A probe into Ireland's Roman Catholic-run institutions says priests and nuns terrorized thousands of kids in schools for decades.
IRELAND CATHOLIC ABUSE
John Kelly of the Survivors of Child Abuse group, right, and Kevin Flannagan, brother of Mickey Flannagan, an alleged victim of child abuse, react after being turned away from a news conference Wednesday by a government-appointed commission looking into abuse at Roman Catholic Church-run institutions.Peter Morrison / AP
/ Source: The Associated Press

Eleven-year-old Tom Sweeney kept skipping school. Eight-year-old Mannix Flynn got caught stealing a box of chocolates. And Christine Buckley, barely a month old, was found guilty of being the child of an unwed mother.

In the morally rigid Roman Catholic Ireland of old, such sins were sufficient to land all three children — and more than 30,000 others throughout the 20th century — in Dickensian workhouses for girls and boys run with an iron fist by Catholic religious orders.

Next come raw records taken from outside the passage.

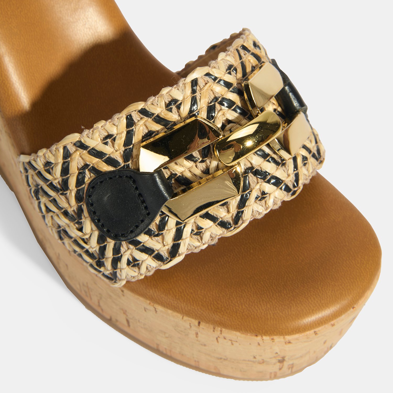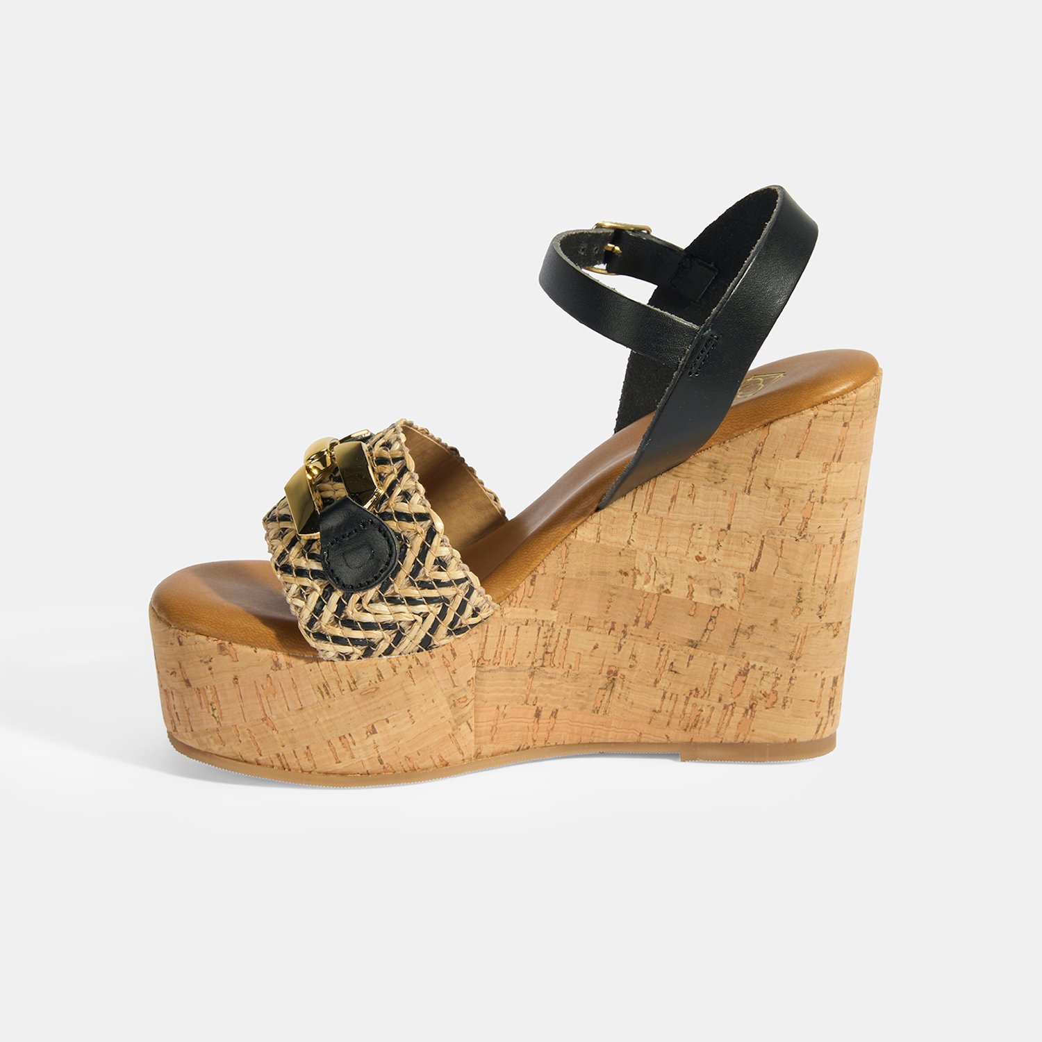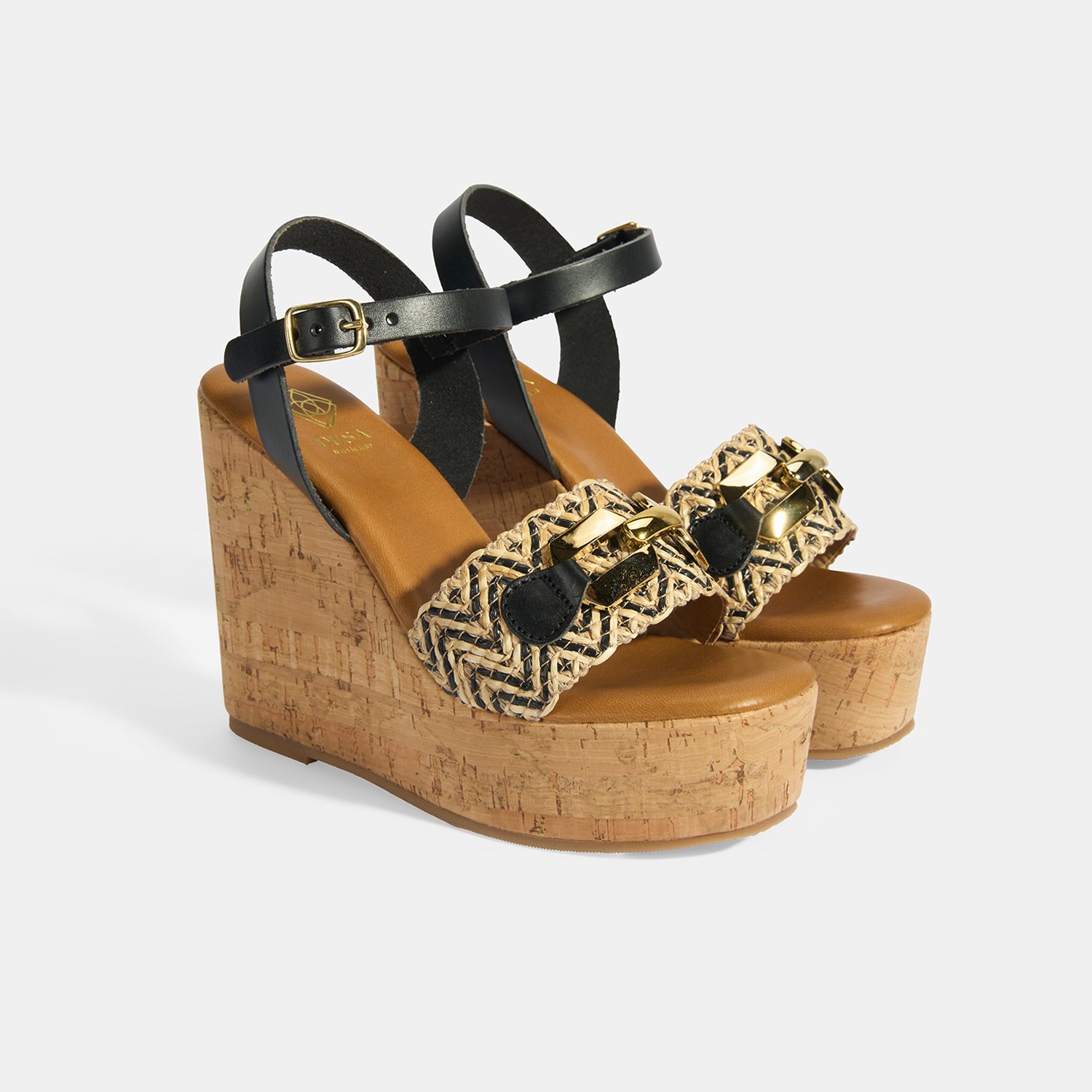 %60 deri, %40 rafya malzemeden üretilmiştir, deri astarlı, pu iç tabanlı, mantar sargılı pu tabanlı, ayarlanabilir metal tokalı, metal aksesuar toka detaylı, kadın topuklu sandalet.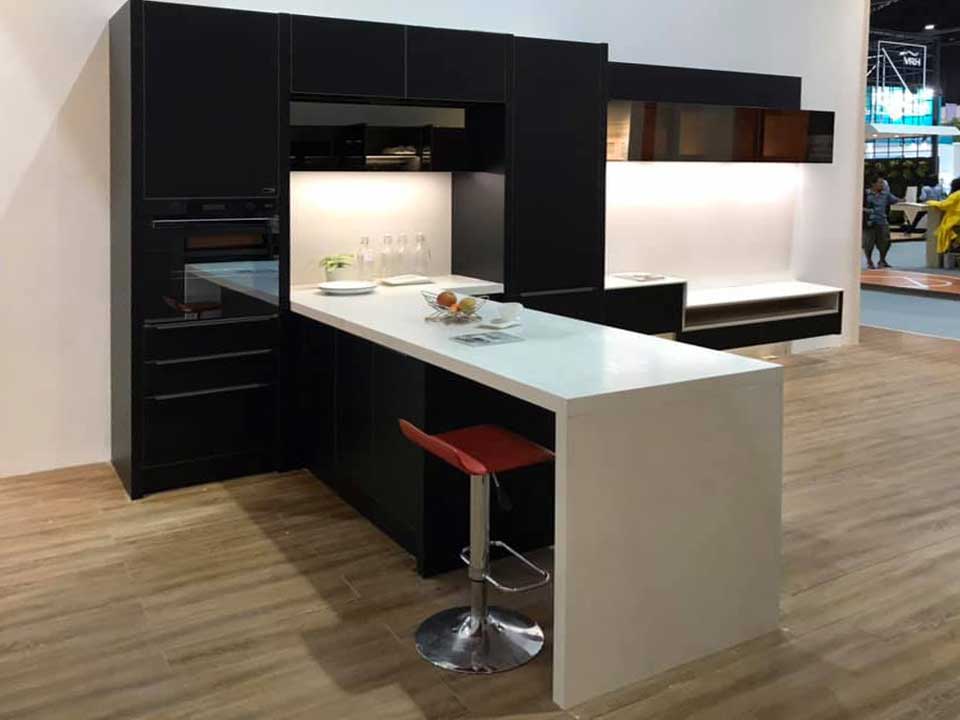 หน้าบานตู้หรือเคาน์เตอร์ที่เลือกวัสดุปิดผิวเป็นกระจกพ่นสี ก็เป็นอีกหนึ่งวัสดุที่ป้องกันความชื้นได้ดี งานออกมาดูเรียบหรู โดดเด่น ซึ่งกระจกที่ GIO เลือกใช้ผลิตด้วยเทคโนโลยีขั้นสูง มีทั้งแบบเงา กึ่งเงา และแบบด้านให้เลือก จุดเด่นของหน้าบานกระจกพ่นสีคือประกอบเข้ากับตัวเฟรมอะลูมิเนียมด้วยขั้นตอนที่พิถีพิถัน เรียบเนียน ไม่มีน็อตเกะกะสายตา จึงได้ชุดครัวที่สวยสมราคาอย่างแน่นอน
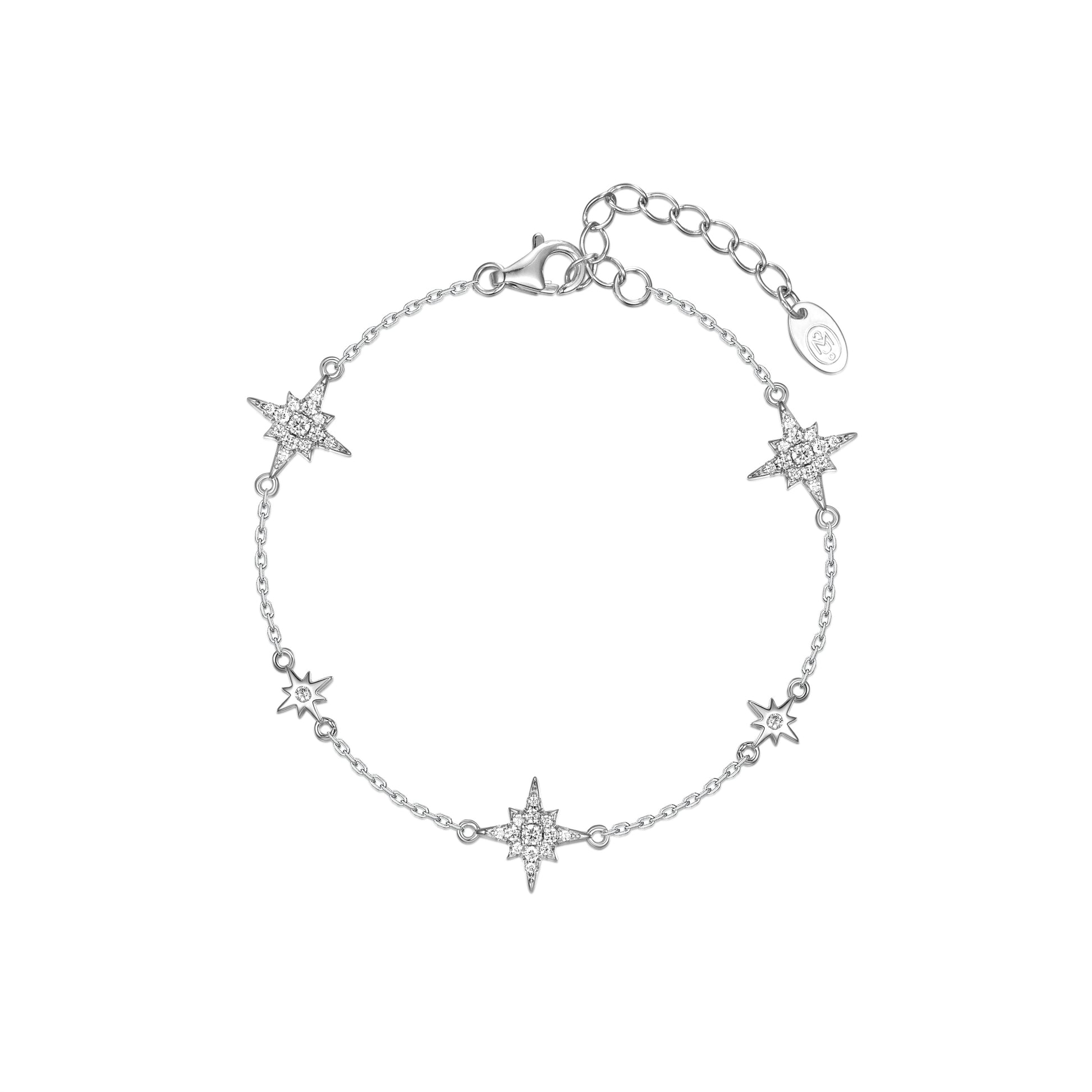 A charm bracelet featuring Stars of various textures along the entire chain—magic wrapped around a woman's wrist. We took the form of the North Star and used it to adorn this piece. The North Star remains virtually motionless in the sky; for centuries, it has been used to find the way. It serves as a symbol of guidance even in the darkest of times. And, of course, it is simply beautiful.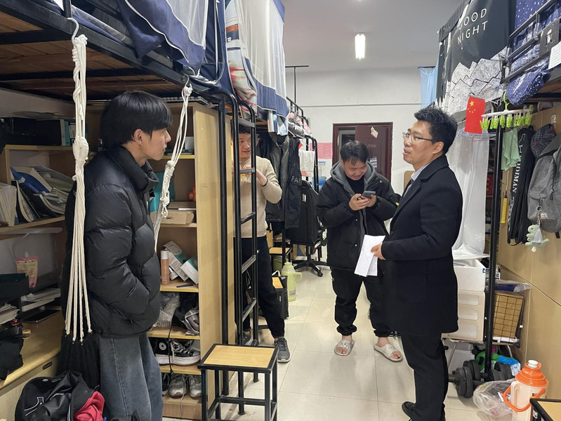 走访宿舍过程中,学院领导和老师们细心询问了同学们的假期生活、新学期规划、心理适应、宿舍卫生等情况,特别强调人身财物安全及宿舍消防、安全用电的重要性。同时,耐心倾听同学们的心声和诉求,并对提出的问题给予详尽解答。学生们对老师们的来访倍感兴奋,热情地向老师们介绍了宿舍的布置与新学期的感受,表示会牢记老师们的教诲和嘱托,以更积极、热情的态度迎接人生新阶段、新征程。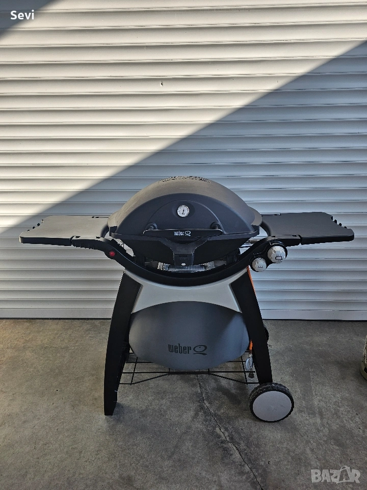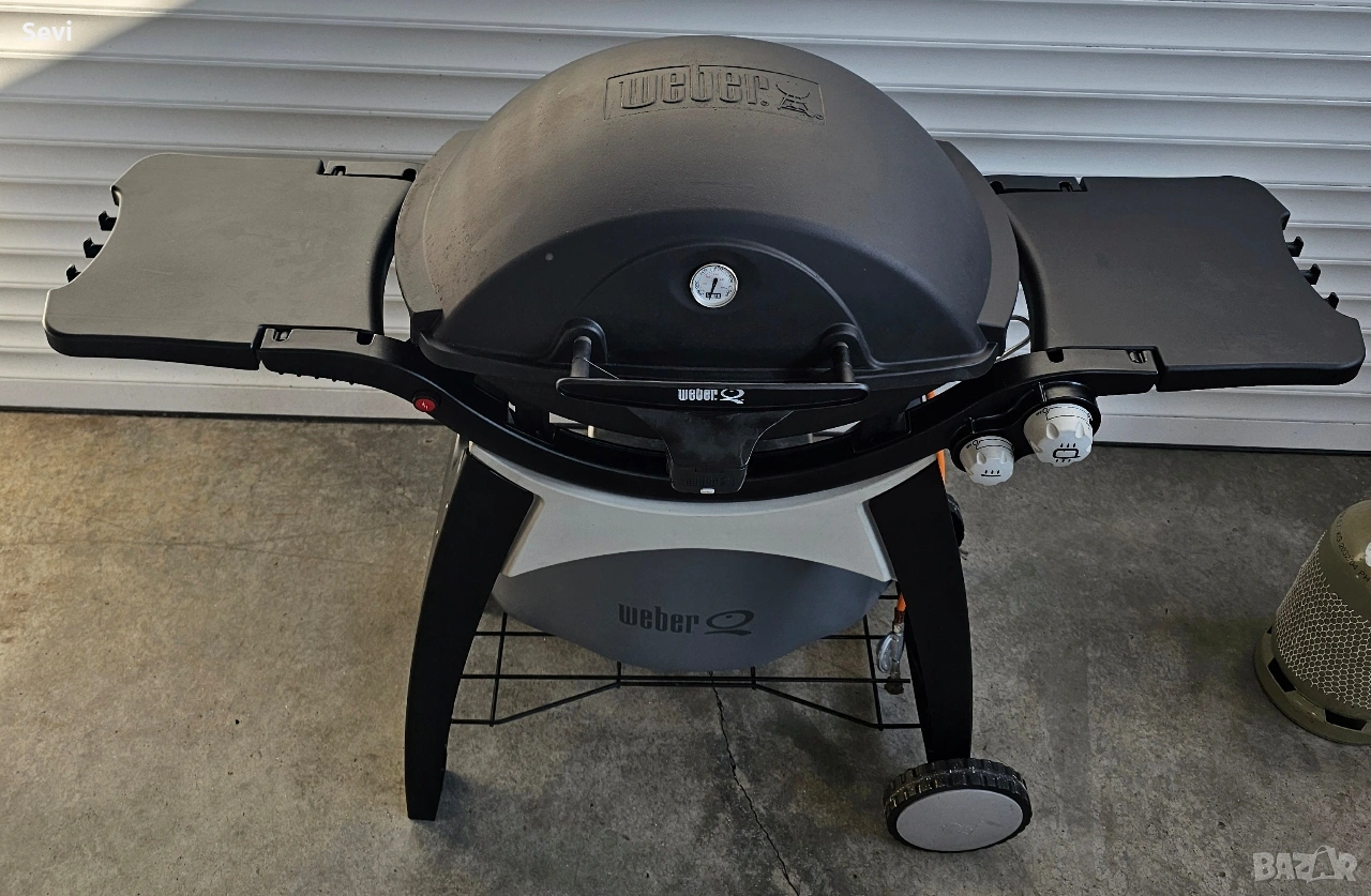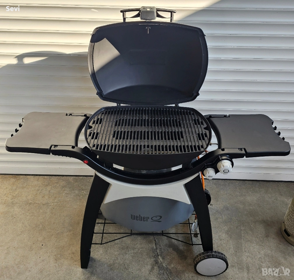 Газово барбекю Weber® Q320. • Размер на площта за готвене: 2835 cm² • Чугунени скари 63х45 cm – осигуряват равномерно разпределение на топлината • Тяло и капак от лят алуминий • Удобна стойка - поставя барбекюто на удобна работна височина • Колела - за лесно преместване • Място за газова бутилка • Електронно запалване • 2 газови горелки от неръждаема стомана 6.36 kW • Вграден термометър на капака • Два удобни сгъваеми странични плота • Контролен бутон за прецизно настройване на температурата • Подвижна тава - осигурява лесно изхвърляне на мазнината от готвенето •Автоматично фенерче на капака • Маркуч, адаптор за газ, газов регулатор - за газова бутилка за многократна употреба • Размер при отворен капак В: 141/ Ш: 127.5/ Д: 76.2 cm.

A 2,600-page report, published Wednesday following a nine-year probe into child abuse by Ireland's fading Catholic religious orders, painted a damning portrait of a system that protected child-molesting church officials while consigning generations of Ireland's poorest children to misery.

The five-volume report on the probe — which was resisted by Catholic religious orders — concluded that church officials shielded their orders' pedophiles from arrest amid a culture of self-serving secrecy.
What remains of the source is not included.